# Concrete slab with / without footings



## stadry (Jun 20, 2009)

if you don't mind, i don't either :no: however, i NEVER built that way when i lived in binghamton :no: 12 x 25 is too large for a 1piece slab as it WILL crack somewhere near the slab's middle,,, rebar appropriately placed in a 6" slab but, if it were me, i'd put the $$ into a thickened edge or excavate properly


----------



## myvalk (Dec 22, 2014)

Thickened edge?


----------



## Daniel Holzman (Mar 10, 2009)

Your question can have a number of answers. If you are asking if building code will allow, then that can only be answered by your local building inspector. If there is no code, or you plan to build without a permit, that is a different question.

With concrete, the minimum cover over reinforcing bars is generally taken to be 2 inches on the soil side, 1-1/2 inches on top. This puts your bars basically in the middle of the 6 inch thick slab, where they are close to the neutral axis, and provide minimal strength, and do little good except reduce shrinkage cracking of the concrete. More important to the durability of a thin concrete slab is the preparation of the subgrade (the soil supporting the slab), the quality of the concrete, the curing of the concrete, and the installation of control joints.

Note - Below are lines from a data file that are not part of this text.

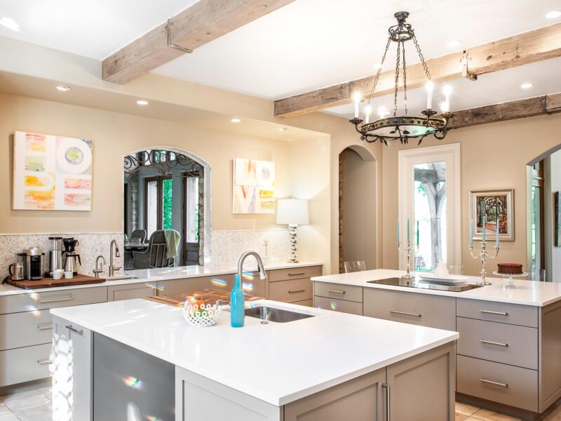 Comfy Tulsa kitchen remodel blending modern design with rustic accents, featuring a dedicated coffee and beverage station, premium stainless steel appliances, and timeless functionality.
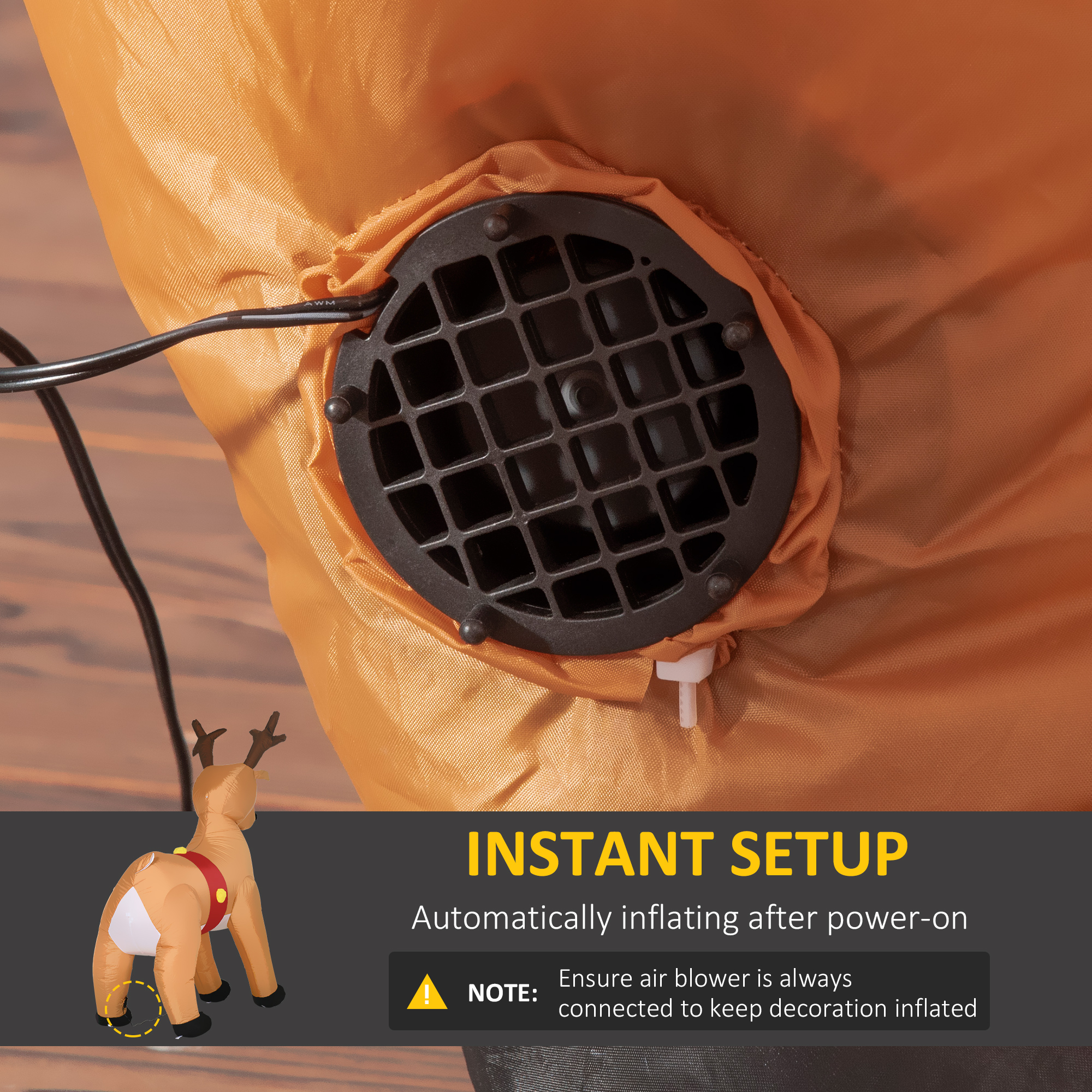 Create a cute and fun festive this Christmas - both indoors and outdoors. Create it with this Reindeer inflatable from HOMCOM. Made from water-resistant polyester, the shell is safe against light water, with inner LED lights for a gentle glow when dark - the perfect centrepiece for your party. It's easy to set up, too: simply plug into power for it to blow up. Comes complete with all accessories you need for it to stand in place.
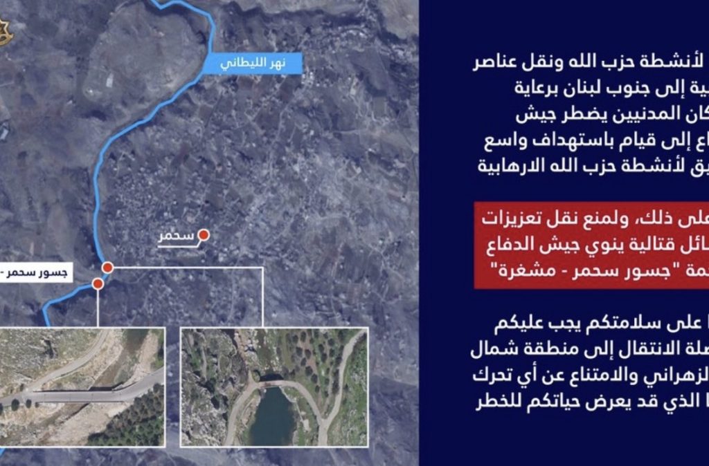 وأضاف أن الجيش الإسرائيلي ينوي مهاجمة جسري سحمر – مشغرة، بهدف منع نقل تعزيزات ووسائل قتالية إلى الجنوب.

So certainly you can use a 6 inch thick slab for the floor. The slab is not suitable for the foundation of the building, for that you will either need strip footings around the outside of the building, or individual footings to support the posts that will hold up your building.


----------



## Bondo (Dec 8, 2007)

Ayuh,.... 'round here, alota floatin' slabs for garages 'bout that size are done with an 18" x 18" footer around the perimeter, jumpin' up to the 4" slab inside,...

Run 4 runs of rebar through the footer, 'n steel mesh in the 4" slab inside,...

J-bolts/ anchor bolts can be put in the wet concrete, or drilled later,....


----------